Given information:
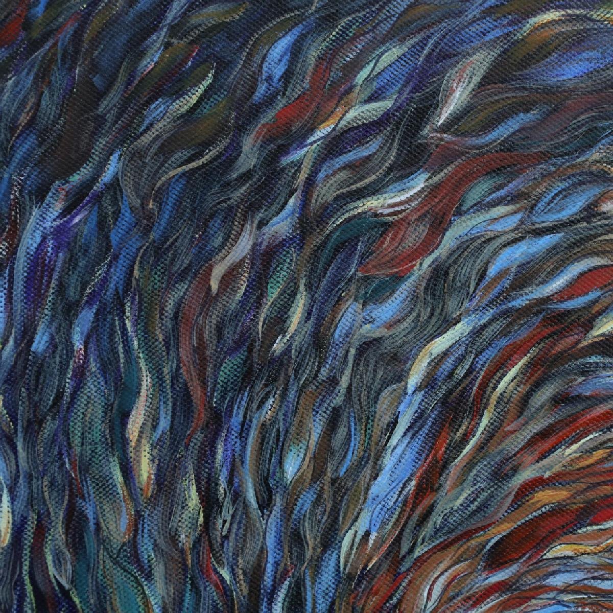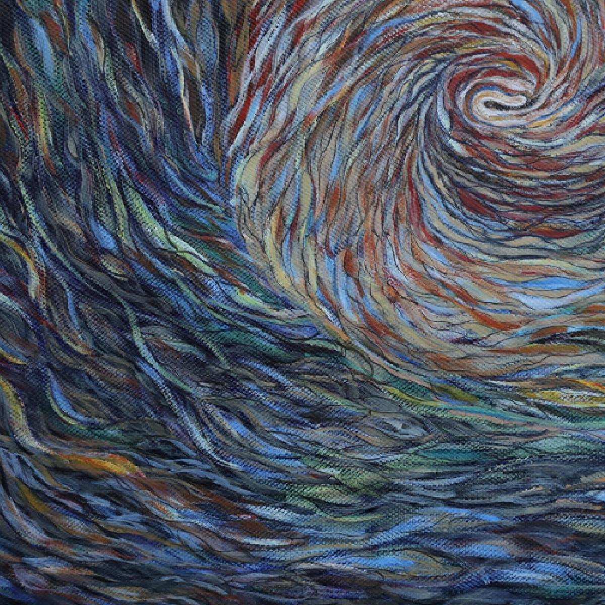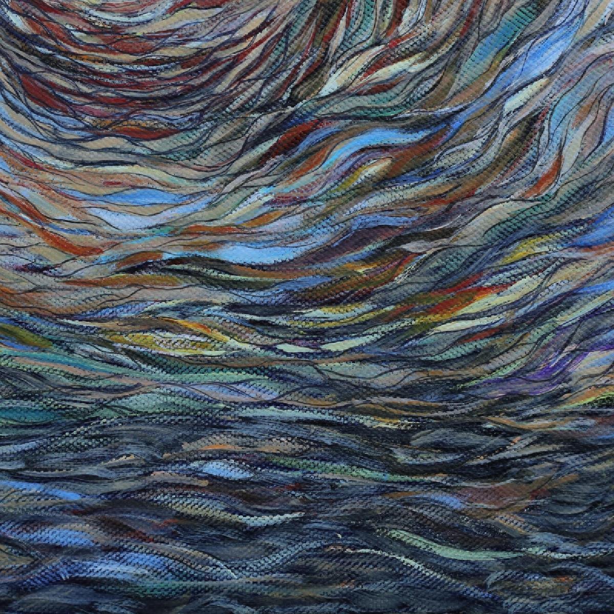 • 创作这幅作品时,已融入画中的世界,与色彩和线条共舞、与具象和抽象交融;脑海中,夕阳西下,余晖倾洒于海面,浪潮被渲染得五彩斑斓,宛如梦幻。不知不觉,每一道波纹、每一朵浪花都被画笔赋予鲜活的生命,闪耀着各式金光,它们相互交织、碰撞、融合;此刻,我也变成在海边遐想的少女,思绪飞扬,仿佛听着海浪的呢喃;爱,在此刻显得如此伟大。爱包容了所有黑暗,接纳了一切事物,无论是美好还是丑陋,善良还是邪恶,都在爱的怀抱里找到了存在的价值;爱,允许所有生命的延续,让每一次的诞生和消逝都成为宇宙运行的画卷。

==

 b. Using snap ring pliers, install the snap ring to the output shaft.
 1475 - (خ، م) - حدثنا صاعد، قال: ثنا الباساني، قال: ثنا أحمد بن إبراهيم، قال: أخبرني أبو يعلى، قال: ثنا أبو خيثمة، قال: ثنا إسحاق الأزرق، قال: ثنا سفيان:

Task to complete: Within the material above, extract exactly the lines that start at the line containing "b. Using snap" and stop after the line containing "1475 - (خ، م)", and only those.

Answer to this problem:
 b. Using snap ring pliers, install the snap ring to the output shaft.
 1475 - (خ، م) - حدثنا صاعد، قال: ثنا الباساني، قال: ثنا أحمد بن إبراهيم، قال: أخبرني أبو يعلى، قال: ثنا أبو خيثمة، قال: ثنا إسحاق الأزرق، قال: ثنا سفيان:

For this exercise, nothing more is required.